Does anyone know what is the best way to get email notifications of updates to a Blogger blog? My wife would like to set that up for her to read a blog, and I never do that.


----------



## toddpedlar (Jul 30, 2009)

fredtgreco said:


> Does anyone know what is the best way to get email notifications of updates to a Blogger blog? My wife would like to set that up for her to read a blog, and I never do that.



You mean someone else's Blogger blog? If so, there should be an RSS feed that is attached to that blogger page... then all your wife has to do is set up something to grab that RSS feed (which I think can be done for deliver by email, or else by using Sage or some other RSS reader - which is just as good as email - or, rather, better).


----------



## fredtgreco (Jul 30, 2009)

I do mean grabbing someone else's blogger feed. I'm looking for something VERY simple. All my wife wants is to be able to get email notifications of new posts so she knows to go to the blog.


----------



## toddpedlar (Jul 31, 2009)

fredtgreco said:


> I do mean grabbing someone else's blogger feed. I'm looking for something VERY simple. All my wife wants is to be able to get email notifications of new posts so she knows to go to the blog.

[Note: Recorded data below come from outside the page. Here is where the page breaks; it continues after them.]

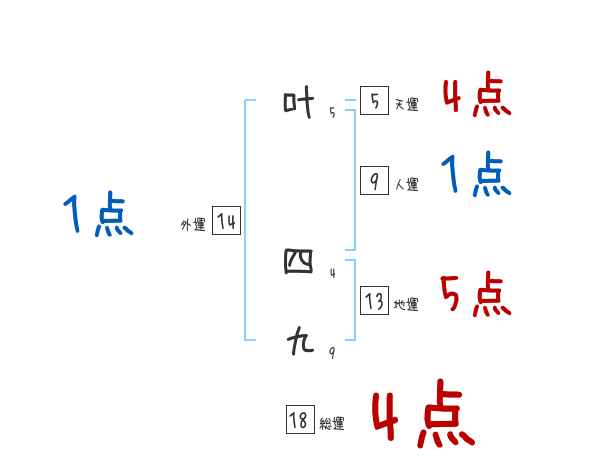 外運![]() | 叶四九さんの外運は14画の1つ星!人に対して優しいがストレスを溜め込みがち。人間関係のトラブルを避けるよう気をつけましょう。 生活面を象徴する運勢です。外部から受ける影響力を表し、結婚運、家庭運や職場、環境への順応性を表します。 |
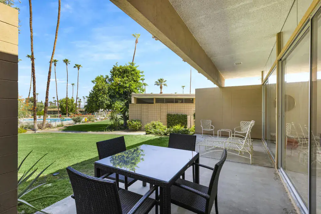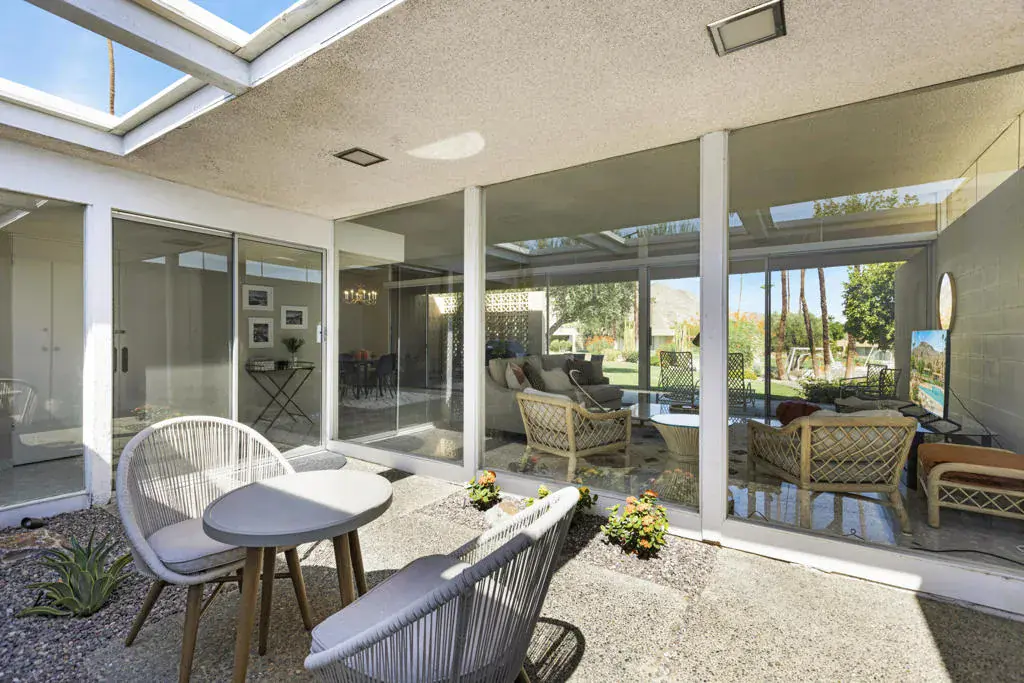Vacation in one of William Krisel’s most popular designs at Sandpiper Palm Desert! This 2 bedroom 2 bath 1,531 square foot vacation rental features the best of mid-century modern design: high ceilings and clerestory windows to let in the light, Shadowal block walls and privacy screens. The beautiful terrazzo floor tiles in the main living spaces complement the original architectural details throughout the condo. Walk through the private glass atrium entry and you’ll notice the clean lines and elegant design that lend a relaxed feeling to space. The poolside patio has the signature Sandpiper vintage block walls with a northwestern exposure that has gorgeous mountain, green space, and pool views. The master suite, featuring a king-size bed and an en-suite bathroom with an updated shower, gets plenty of light from the clerestory windows and overlooks a private patio and beautiful desert landscaping. The 2nd bedroom provides comfortable space for guests, and both bedrooms have comfortable carpeted flooring. One reserved carport parking space is just steps from the front door. Sandpiper is located within walking distance of the finest shopping and dining in Palm Desert, including the ”Rodeo Drive of the Desert”, the fabulous Shops on El Paseo. Enjoy your stay at Sandpiper for the ultimate in convenient, modern desert living. Rental Rates: Jan – Apr $6,000, May, Oct-Dec $5,500, Jun- Sep $3,500
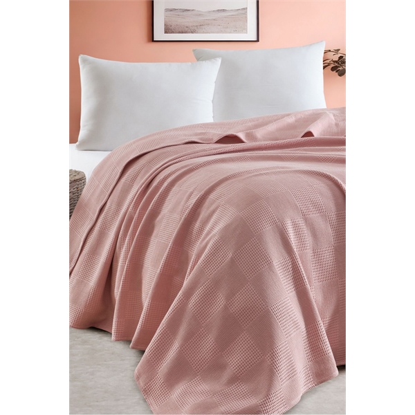 Karo Desenli 160x230 cm Pudra Tek Kişilik Pike Örtü
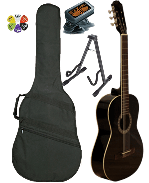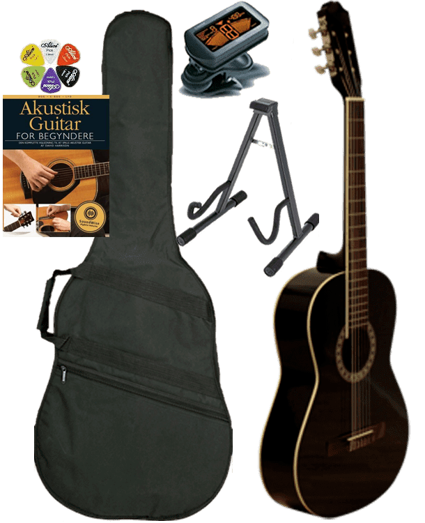 Akustisk guitar C-777BK pakketilbud **Spar 87,50 DKK** - een af vores absolutte bestsellers. Du får her en rigtig flot og velklingende guitar i flot design med en højpoleret sort glans lak. Der medfølger alt hvad du har brug for når du skal i gang med at lære at spille guitar.

Try this, then. Feed My Inbox ~ RSS to Email ~ Feed to Email

Sage, a plugin for firefox, does the same job, though, and it's easier to use (e.g. you don't have to know the feed name - just go to the blog, hit a button, and select the feed from the blog you want). The functionality will be as good or better (except messages won't be in her inbox). Bring up firefox, open the sage window, refresh, and all the blogs she's following will have info at the ready from recent posts. FeedMyInbox only updates once a day. Sage can update any time you open your browser if there is a new post from the blogs you're following.


----------